What’s your El Capitan?

I’ve recently been very fascinated by the story surrounding the free solo ascent of El Capitan by Alex Honnold. The story is now a documentary (which I still have to watch), and you can also find interesting details in this very genuine TedTalk and in this interview.

Part of the fascination, for me at least, is because I am completely afraid of heigths. And part is because it is a great example of how to live ordinarily an extraordinary life (or challenge, or meeting, or presentation, or … fill in the blanks for what seems insormountable to you).

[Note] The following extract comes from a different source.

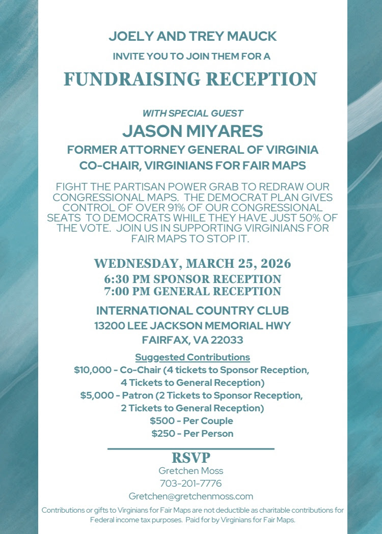 Mar 25 Virginians for Fair Maps Fundraiser 6:30 PM - 8:00 PM International Country Club 13200 Lee Jackson Memorial Drive, Chantilly Event Details Get Directions

  1. Pick your field – Climbing is not very popular, free soloing (or any of the other tens of niches in climbing) even less. Alex Honnold did not choose climbing to be popular, yet while nowadays we tend to reach for the masses (internet giving us the illusion that everybody is around the corner), his story and that of the other climbers he mentions tell us that to be satisfied with what you do, it is not necessary to be a mass celebrity.
  2. Prepare – It was a long preparation, it took years for him to convinve himself he was ready for the task. The discipline he put into this is outstanding, there was no improvisation, no unexpected turns. In his TedTalk, he tells of his other out of the ordinary free solo ascent (Half Dome) and how it felt unsatisfying as he did not know how to prepare for such a challenge, and then decided to take a different route from the planned one right while he was climbing to the top. The preparation this second time was so meticolous that at some point he and a friend went down El Capitan to remove some stones from a crack to prevent them from falling during the climb and potentially hitting and harming somebody below. He thought of everything, so much so that when it was the right time, he just had to do it.
  3. Focus – He spent the week before the ascent in almost complete isolation. He disconnected from the World, as he wanted to be 100% focused on the task ahead. No distraction, if that’s the most important thing that is going to happen to you in a career (even though you’ll have more in the future, and you probably won’t risk to die if you make a mistake).

We can all learn by watching great successes, even those so clearly beyond our reach. Just make sure you pay attention to what comes before, not after. Again, journey not destination.